Introduction

Establishing the identity of unidentified human remains is of fundamental importance in a forensic investigation, particularly in the analysis of dismembered, burned, or severely mutilated corpses or skeletal remains [1]. Although estimating ancestry is especially challenging [2], ancestry is an integral parameter not only to assist identification efforts directly but also as a required precursor to estimating sex, age at death, stature, and other attributes using population specific data [3].

It is generally accepted that the skull, especially the midface, is the most diagnostic region of the skeleton for estimating ancestry [4, 5]. There are two main methodological approaches typically applied in the anthropological assessment: morphoscopic (visual or non-metric) and morphometric. Procedures for estimating ancestry, whatever the statistical treatment, focus on non-metric or metric features, based on appreciable and/or significant cranial diversity between global populations [4]. Although non-metric approaches lack objectivity and require more experience, metric methods have less so, largely because individual cranial measurements are clearly defined on the basis of established craniometrics landmarks [3].

Ancestry estimation based on linear discriminant analysis (LDA) is one of the most commonly applied statistical approaches; computer applications, such as FORDISC [6, 7] and CRANID [8, 9], simplify the use of LDA for ancestry estimation, and the associated output includes statistical quantification of accuracy (e.g., posterior and typicality probabilities) that are useful for interpretation and decision-making.

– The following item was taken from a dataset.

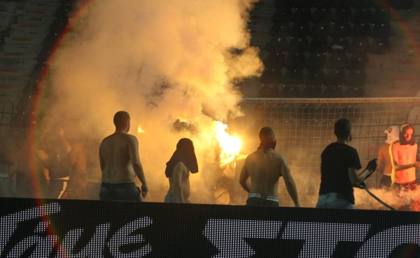 Το κακό είχε ξεκινήσει από νωρίς όταν κατά την άφιξη των οπαδών της Ραπίντ οπαδοί του ΠΑΟΚ πέταξαν αντικείμενα και η αστυνομία έκανε χρήση δακρυγόνων.
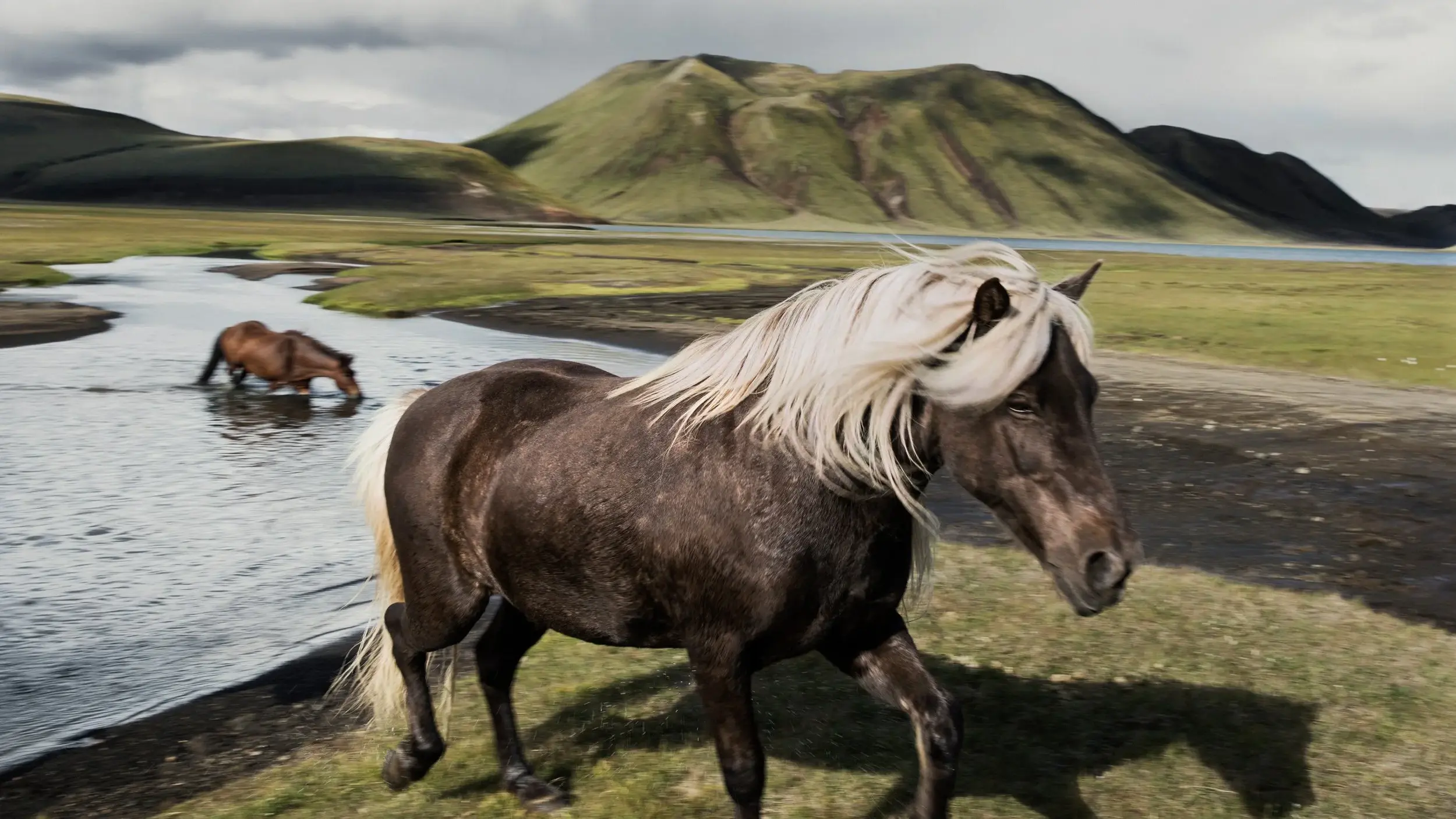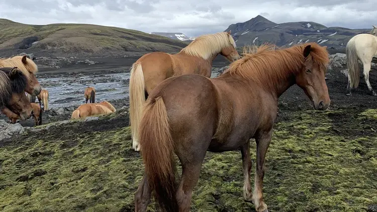 Vi rider från Gunnarsholt mot Rjúpnavellir, vidare längs floden till Landmannahellir där vi övernattar första natten. Nästa dag fortsätter vi till Landmannalaugar – ett sagolikt landskap av ångande heta källor och färgstarka berg i gult, grönt och rött. Här finns tid att bada, vandra en stund och bara njuta av stillheten.

In addition, a machine learning modeling technique for ancestry estimation on the basis of skeletal metric data has been proposed [10, 11]. However, it has been reported that American Southwest Hispanic skulls are often misclassified as Asians, in particular Japanese, when performing ancestry estimation using craniometric data [12]. Thus, it is important that crania from other global populations are examined and compared to those originating from Japan, to minimize the possibility of misclassifications.

Computed tomography (CT) clearly depicts bone structures [13, 14]. In addition, it is known that bone measurements in CT images can be acquired with the same level of accuracy as those from real bone specimens [15, 16]. Importantly, the requisite data for calculating predictive models for estimating biological attributes associated with a routine anthropological assessment can be effectively developed using data acquired in CT images [15, 17, 18]. However, to date, no study has examined the feasibility of ancestry estimation using CT scanning techniques.

The aim of the present study, therefore, is to explore morphological variances between crania from contemporary Japanese and Western Australian populations and thereafter assess the feasibility of ancestry classification on the basis of morphometric data acquired in multidetector CT (MDCT) images using machine learning statistical approaches.

Materials and methods

Materials

Japanese population

The sample comprises postmortem CT (PMCT) scans of 230 adult corpses of known age and sex (111 female, mean age 48.96 ± 18.08 years; 119 male, mean age 46.80 ± 18.39 years) at the Department of Forensic Medicine at the University of Tokyo between July 2017 and May 2022. The estimated postmortem interval for all subjects was <14 days. The exclusion criteria were fractures of the skull, lethal head trauma, burn injuries, and acquired or congenital abnormalities. The study protocol was approved by the ethics committee of our university (2121264NI).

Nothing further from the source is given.